The High’s and Low’s Of Financing A Ring

Nobody on this earth would propose to their partner and anticipate them saying no. Unfortunately, this does happen though. What does that mean if you financed the ring?

If you obtained a loan for the ring, this is where things get tricky. Sure, it may be possible for you to find a lender to let you out of your agreement before you paid them back, but it’s not the easiest task if you’ve already spent the money to buy something, such as an engagement ring. If your loved one has said “no” to your proposal and find yourself with a ring that you have a loan on and need to give back, you can always check with the lender to see if they charge a prepayment fee. However, you will still need to pay back the interest that has accrued even though you can pay the loan off ahead of time.

Pros & Cons

There are some pros and cons of financing an engagement ring. Here they are:


The upside to all of this is that you can access the ring you want, even if you are running low on funds. A loan would be the ideal way to buy the ring and choose to pay it off at a later time.

If you choose to take out a loan, the process is very quick and not overly difficult. You can get your results as soon as instantly or it may take a day or so.

If you are a careful shopper, you may be tempted to take one of those interest-free offers, but it’s only a good choice if you can pay off the loan within that 12-month interest-free payment time.
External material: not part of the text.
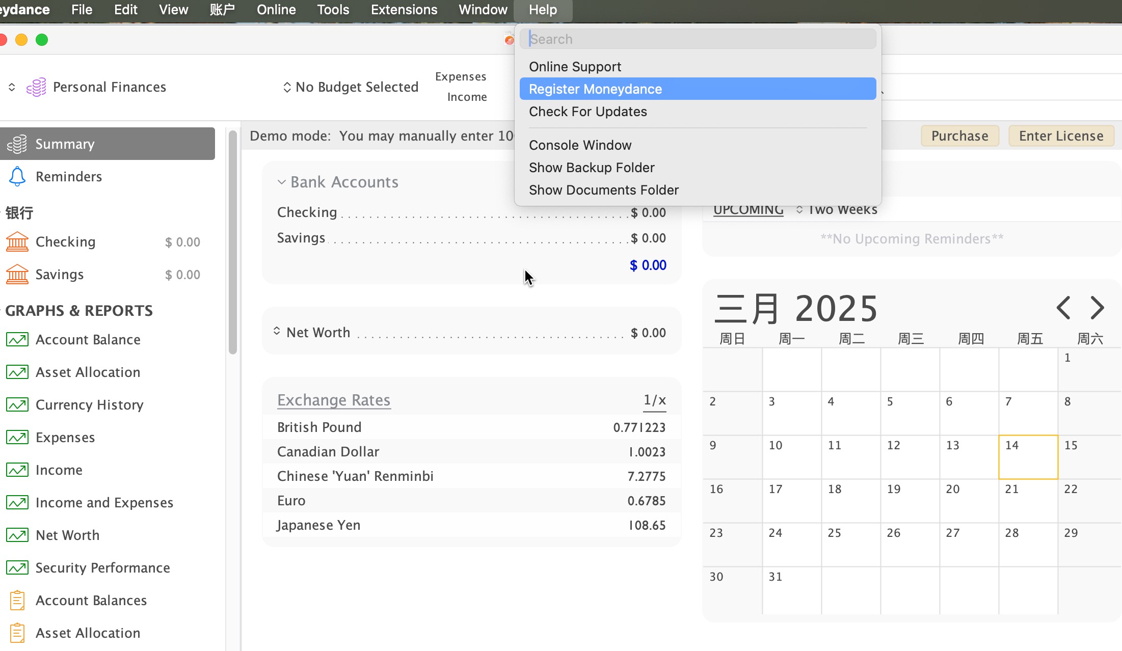 2、依次点击 Help→Register Moneydance→输入激活码→OK,74D71A07-94A22382

You should already know this, but a con of financing a ring is the debt that comes with it. You can’t skip out on payments or default on your loan because it can destroy your credit score.
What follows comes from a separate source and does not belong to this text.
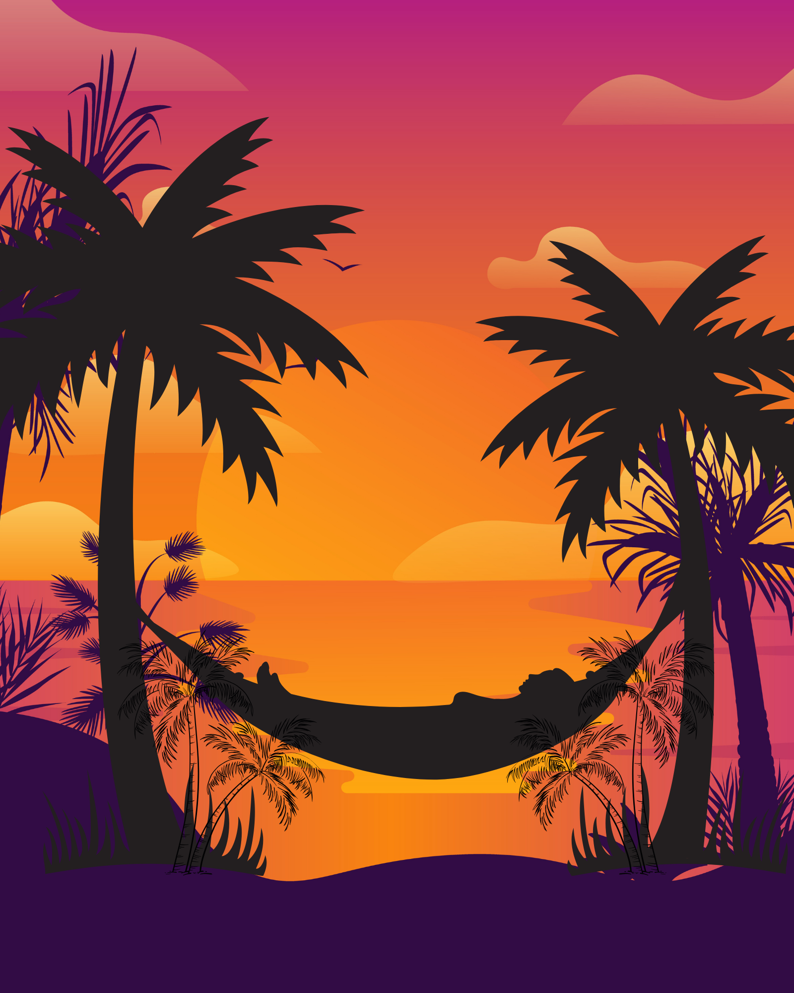 As the sun dips low, a hammock sways between silhouettes of palms — a tranquil portrait of rest, warmth, and the serenity that comes with letting the day go.

Additionally, if you have a high-interest rate, you will be paying more for the ring than what it’s worth in the long run.

You will also have to think about the math that goes into it. If you have a good credit score, it means that you will have a low-interest rate. If you have poor credit, then you are going to have a high interest. Even if it’s low due to no fault of your own, you will still have those higher fees. You should always try to keep your credit score high if you want to be on a better foot.
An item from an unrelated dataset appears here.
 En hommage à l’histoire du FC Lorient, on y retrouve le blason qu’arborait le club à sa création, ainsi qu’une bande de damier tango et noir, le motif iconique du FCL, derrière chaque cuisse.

Is A Credit Card A Good Choice?

 If you plan to open a credit card, just know that it’s going to affect your credit score. This is especially true if your credit line isn’t much more than what you want to buy. You will be scored based on your application and recent credit history to compare the credit you already have, what balances you may have, and this calculates your debt usage ratio. If the balances of your credit equal more than 20-25 percent of the credit that you have readily available on any card, then it could negatively impact your credit score.

Another downfall is that if you take a credit offer that gives 0% interest for 12-months and it takes you longer than that time to pay it off, you’ll be buried up to your ears in interest payments.